Unearthed Mystery: The Stunning Face of a 10,500-Year-Old Stone Age Woman from Belgium Revealed

Unearthed Mystery: The Stunning Face of a 10,500-Year-Old Stone Age Woman from Belgium Revealed

Reconstructing A Stone Age Woman’s Face

The remains of the Stone Age woman were first discovered in 1988 during excavations in Margaux cave near Dinant, Belgium. The discovery was intriguing, as the woman was found buried with several other women — and not with men and children, as is more common with Stone Age burials — but researchers didn’t yet have the tools to study her DNA.

That changed this year, thanks to a project led by Ghent University. After analyzing the Stone Age woman’s DNA, researchers worked with Kennis and Kennis Reconstructions to recreate her face.

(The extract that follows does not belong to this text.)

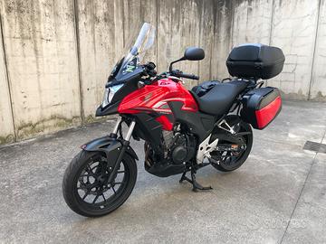 Vendo Honda CB500X, crossover affidabile con bassi costi di gestione, fa 30 km/lt. Moto guidabile con Patente A2 (35kW), perfetta sia per il tragitto casa-lavoro che per lunghi viaggi. La moto è del 2015 con 32.400 km, in condizioni estetiche e meccaniche eccellenti, sempre ricoverata al coperto. Revisione effettuata a luglio 2025 e bollo pagato fino a gennaio 2027. E’ la versione Travel Edition, equipaggiata con bauletto da 45 lt. e valigie laterali dello stesso colore della carrozzeria, tutto originale Honda, cavalletto centrale e laterale, contamarce, parabrezza alto, supporto per navigatore, manopole riscaldabili. Pronta per viaggiare. Vendo a 4.100€ per cambio tipologia.

The woman’s skull showed that she had a high nasal bridge and strong brow ridges, and her DNA revealed that she was between the ages of 35 and 60 when she died. Scientists also used her DNA to determine that she had dark hair, dark skin, and blue eyes.

Stone Age Woman And Skull

Kennis and Kennis ReconstructionsA 3D reconstruction of the Stone Age woman’s face, alongside her skull.

The fact that the woman had dark skin is not surprising to researchers — most ancient people in Europe, including the famous “Cheddar Man,” also had dark skin. However, the Stone Age woman had slightly lighter skin than other remains uncovered from the same time period, which struck researchers as important and intriguing.

Her skin tone is a “subtle but important detail,” Maïté Rivollat, the chief geneticist of the project, remarked in a Ghent University statement.

Rivollat continued: “Until now, the phenotypic diversity among European hunter-gatherers was only known from a small number of fossils and was thought to be fairly homogeneous.”